#### Work instruction:
What you output must match, exactly, the lines from the start of the records to the line containing "8月8日,枣庄老年太极爱好者", both ends kept and pictures excluded.

#### Excerpted data:
☆ ☆ ☆ ☆
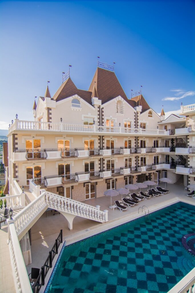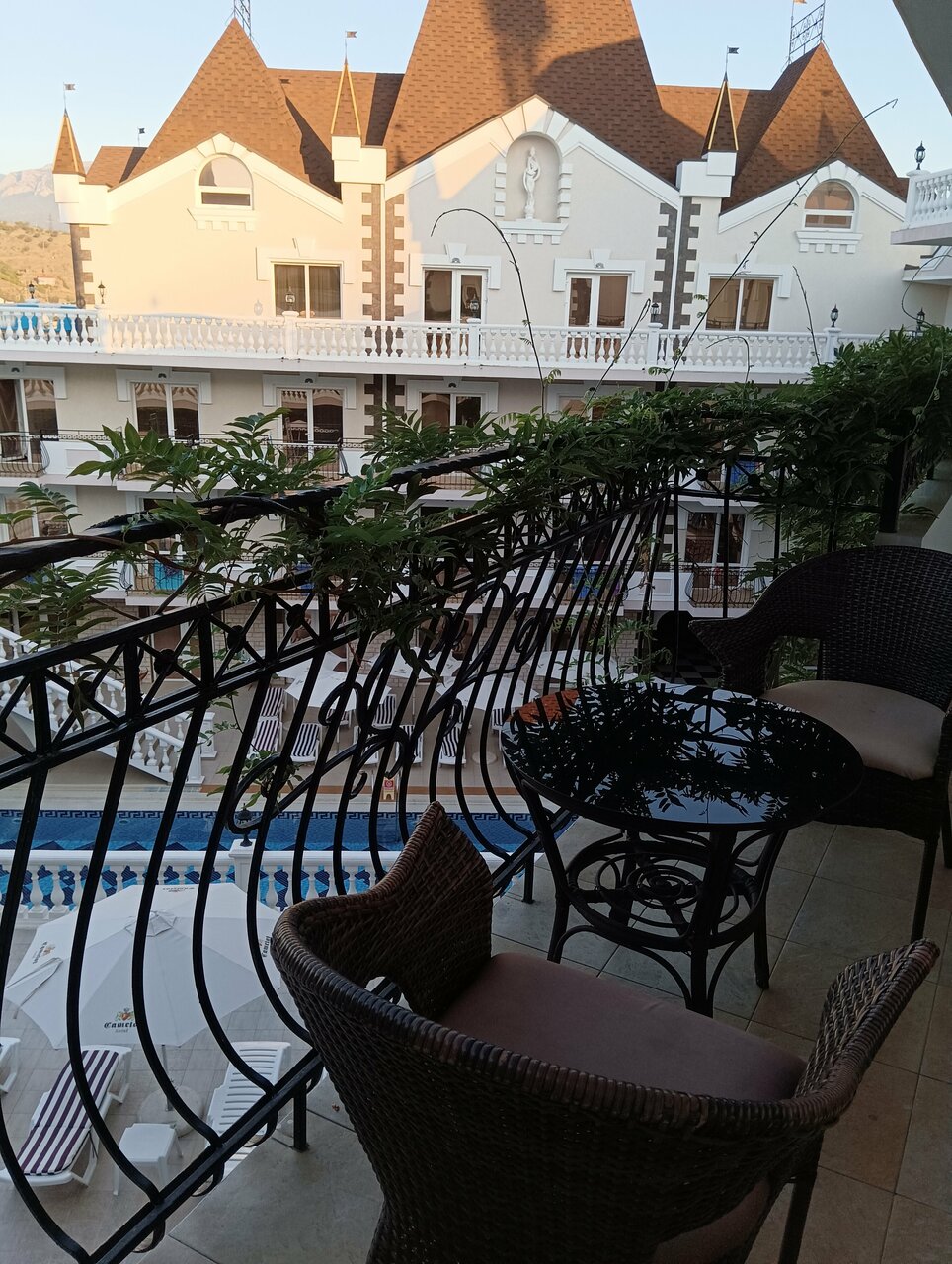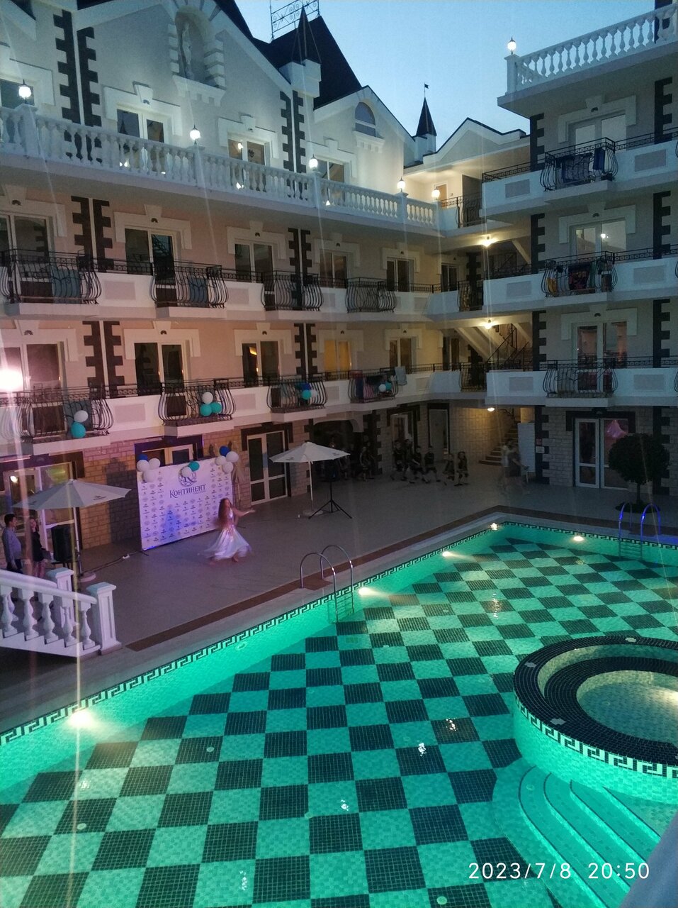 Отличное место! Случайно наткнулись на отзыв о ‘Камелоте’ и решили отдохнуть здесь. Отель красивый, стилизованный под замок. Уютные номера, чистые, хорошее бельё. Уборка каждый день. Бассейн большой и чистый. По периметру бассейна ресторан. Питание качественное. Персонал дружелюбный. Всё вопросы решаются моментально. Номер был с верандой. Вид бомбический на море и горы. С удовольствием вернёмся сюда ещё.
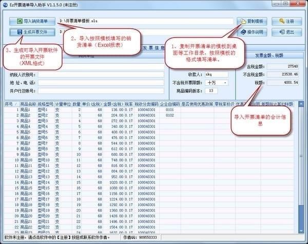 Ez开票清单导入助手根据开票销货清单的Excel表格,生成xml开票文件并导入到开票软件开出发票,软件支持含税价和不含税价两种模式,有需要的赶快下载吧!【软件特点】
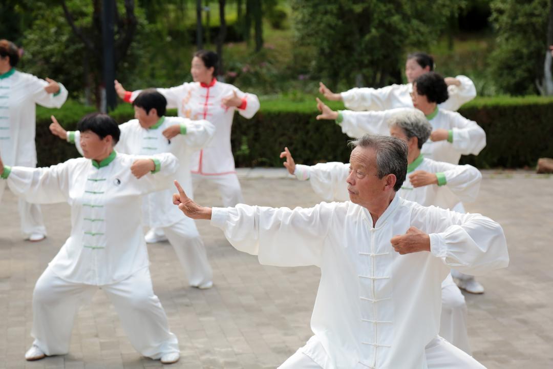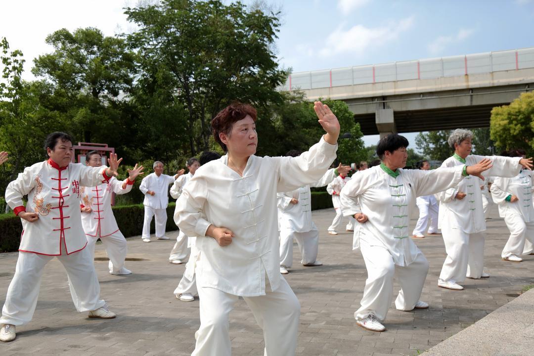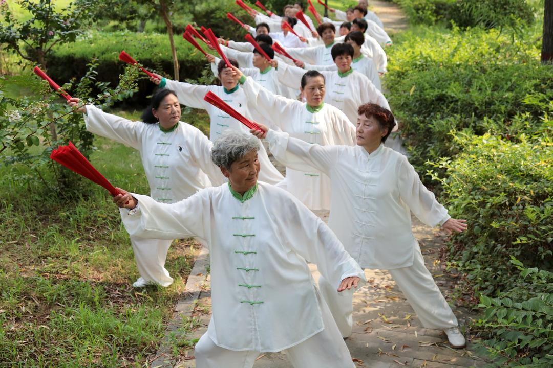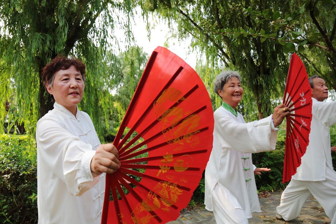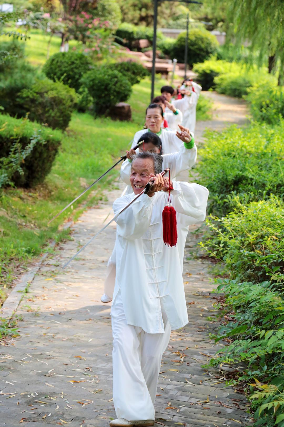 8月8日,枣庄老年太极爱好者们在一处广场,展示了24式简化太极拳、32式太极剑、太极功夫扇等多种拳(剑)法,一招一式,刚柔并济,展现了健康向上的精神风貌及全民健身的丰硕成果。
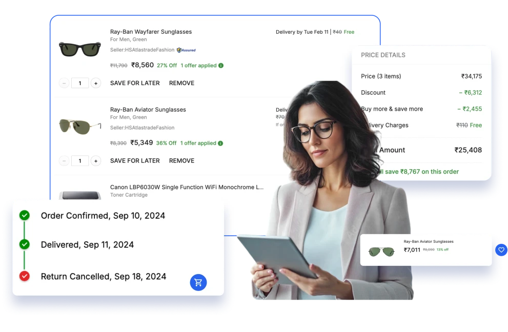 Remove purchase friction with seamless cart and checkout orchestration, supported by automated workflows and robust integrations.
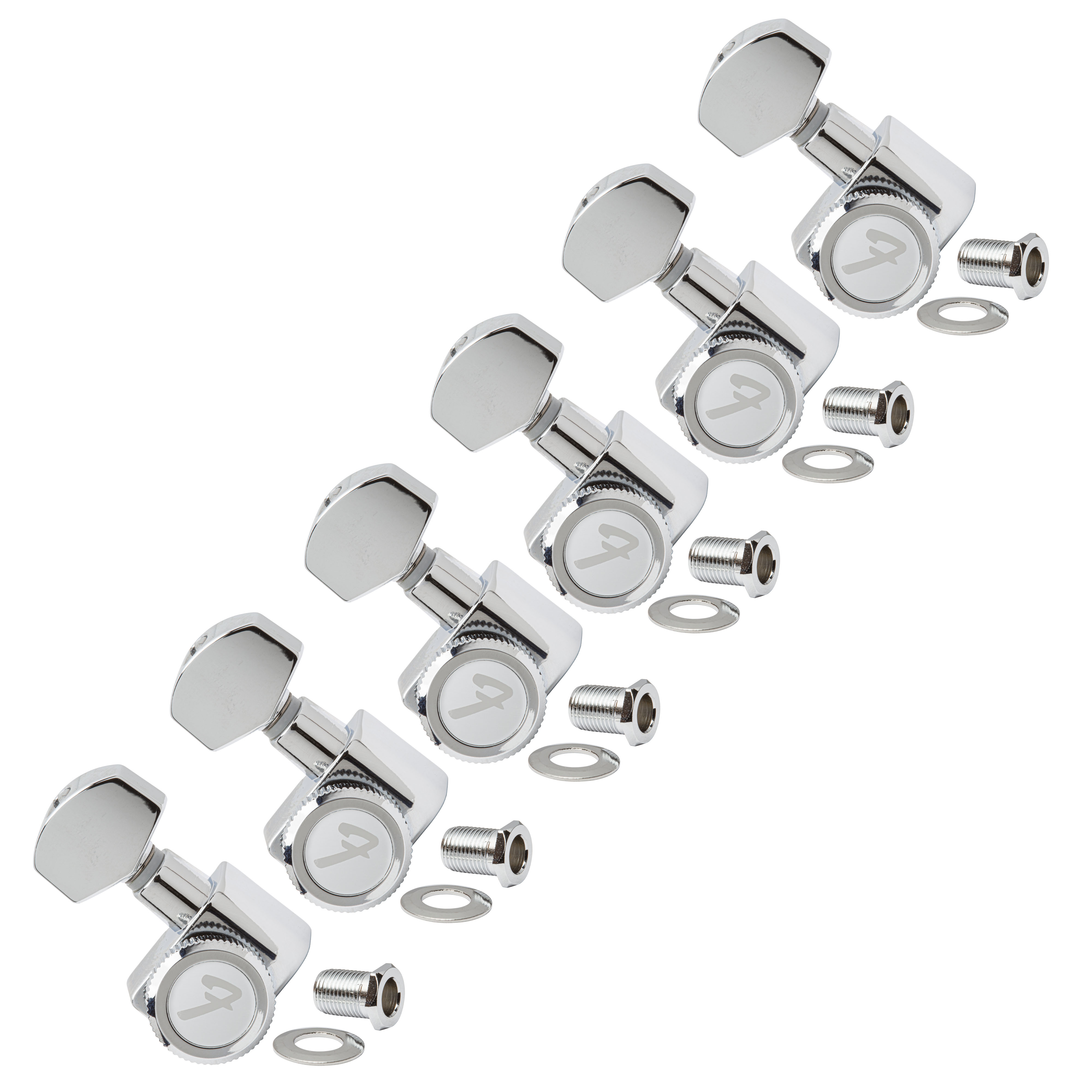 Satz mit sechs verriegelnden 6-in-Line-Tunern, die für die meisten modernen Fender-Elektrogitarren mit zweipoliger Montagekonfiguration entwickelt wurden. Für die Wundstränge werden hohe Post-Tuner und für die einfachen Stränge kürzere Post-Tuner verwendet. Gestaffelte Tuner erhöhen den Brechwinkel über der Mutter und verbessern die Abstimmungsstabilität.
☆ ☆ ☆ ☆
#### Your solution:
 Отличное место! Случайно наткнулись на отзыв о ‘Камелоте’ и решили отдохнуть здесь. Отель красивый, стилизованный под замок. Уютные номера, чистые, хорошее бельё. Уборка каждый день. Бассейн большой и чистый. По периметру бассейна ресторан. Питание качественное. Персонал дружелюбный. Всё вопросы решаются моментально. Номер был с верандой. Вид бомбический на море и горы. С удовольствием вернёмся сюда ещё.
 Ez开票清单导入助手根据开票销货清单的Excel表格,生成xml开票文件并导入到开票软件开出发票,软件支持含税价和不含税价两种模式,有需要的赶快下载吧!【软件特点】
 8月8日,枣庄老年太极爱好者们在一处广场,展示了24式简化太极拳、32式太极剑、太极功夫扇等多种拳(剑)法,一招一式,刚柔并济,展现了健康向上的精神风貌及全民健身的丰硕成果。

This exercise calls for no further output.